In other words, key paradigmatic relation is between
the subject and the predicate. The definition of both subject and predicate are
secondary issues. The sentence structure may be considered prefix, infix or
suffix in relation to the placement of the subject in relation to the predicate.
This is important because it entails the order of modification of sentential
structure that can be taken, and because this specifies the subject in relation
to the relational predicate as explicit, whereas the modification of individual
linguistic elements, which may follow its own prefix, infix and suffix notation,
involves the relational modification of a thing or "thingness." The
subject then takes on a special relational value, as not the thing modified by a
relation, but the thing that modifies the relation. The role and function of the
object as part of the construction of the predicate is as a thing modified by
the relation. What makes a sentence distinct from any other linguistic element,
is that modification includes a subject-predicate relationship in which the
subject, as a thing modifies the relation, or an object of the relation.
It
implies a certain informational value unlike that of things being modified or
acted upon. A sentence thus constitutes a relational statement about the world,
whatever its alleged truth value, which is a piece of linguistic knowledge about
the world. It achieves a function of explicit symbolic relation and value. From
the standpoint of human language, there is something of critical importance
about this structure of relation. The precise order or nature of this relation
may very with different language systems, whether topic-comment or
ergative-accusative or active-passive.
There is no deep or universal structure underlying
this basic order of sentence patterning. Whatever is the predominant paradigm of
the language will include some degree of implicit embedding of its structure in
the language code which will facilitate recognition. Transformation rules are
applied to the basic paradigm of a language for three sets of purposes. To
account for and generate variable patterns of the sentence structure, to
recognize and correct errors in sentence structure, and to translate from one
language code to another. Transformation rules are largely implicit and remain
embedded, though they guide elaboration of sentences. We employ these rules as a
matter of habit and reflex, and these rules are therefore functionally encoded
in our performance. They are performance rules and as such remain implicitly
embedded in the construction of our sentences.

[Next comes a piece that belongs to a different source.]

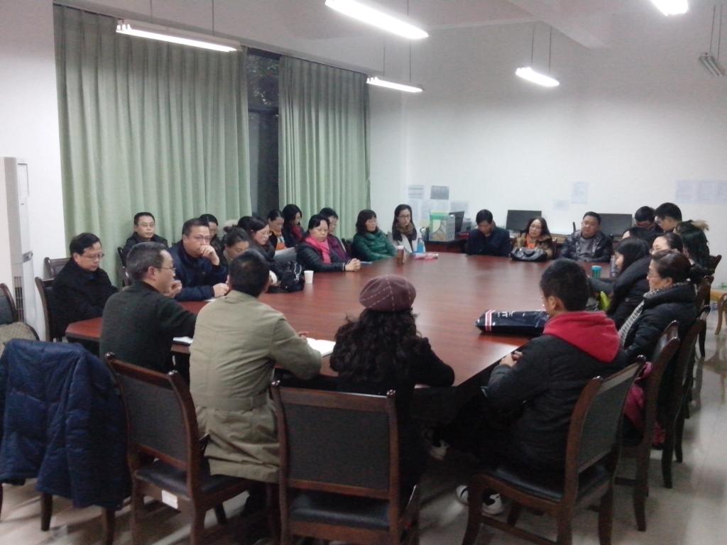 第一阶段,公司全体教职工参加了会议。会议首先听取了外语公司经理戴运财作的《经理工作报告》。他在报告中简要回顾了2015年公司在团队队伍建设、科学研究、人才培养与教学、党建工作及联系我们等方面取得的成绩及存在的不足,并对外语公司2016年的工作作了初步安排。随后,戴运财经理向老师们宣讲了《外语公司“十三五”规划》,详细解读了《外语公司教师绩效I考核发放部分及年终考核奖的分配办法》,并就老师们之前提出的意见和建议作了回应。接着,外语公司工会主席张轶老师作了《外语公司工会工作报告》。他在报告中向会员们汇报了公司工会2015年一年来所开展的工作、取得的成绩及公司工会经费的收支情况。

A paradigm of a language, in lieu of more definitive
scientific explanation, well simply be defined as the minimal, most basic
constraints which govern the formation of all sentences in a given language.
These include basic rules of sentence order, punctuation, modification and
marking of components. There appear to be few formulaic and universal
paradigmatic constraints underlying all languages. Different languages vary
considerably in their paradigmatic organization, and paradigmatic structure
remains implicitly embedded in the patterning language takes. When overlaid and
brought into constructive, conjunctive coordination with the basic and implicit
relational field, these rules become organizationally constitutive of symbolic
and relational meaning.
Transformation rules modify sentence structure in
relation to the basic paradigm which remains implicitly embedded. To understand
the relation of transformational rules to the basic paradigm of a language, we
need to understand the relation between the implicit and explicit values at the
level of the sentence, and how these are interconnected with implicitness and
explicitness at the level of the linguistic element. This is roughly the
difference between intrinsic implicitness and explicitness and extrinsic
implicitness and explicitness, what has previously been described. Intrinsic
implicitness or explicitness involves the relational and positional value of the
linguistic component within the framework of the sentence. It is different from
that extrinsic value derived as if the element stood alone, outside of the
sentence.
Another way of looking at this is to say that the
sentence creates its own context of relations which critically intercedes with
the relational contexts of any of its elements. This is simply more than the
intersection of contextual relations of each of its elements. The intrinsic
contextuality of the sentence is based upon its fundamental relational paradigm
within any given language, and the embedded and elaborated transformational
rules which govern its production and articulation.
The basic paradigm remains largely implicit to the
intrinsic structure of a sentence, as do the implicit transformation rules. What
becomes explicitly encoded in a sentence construction is the coherence of the
meta-relation described by the unique conjunction of the sentence components. In
extrinsic structure, relations are implicit and thingness is rendered explicit.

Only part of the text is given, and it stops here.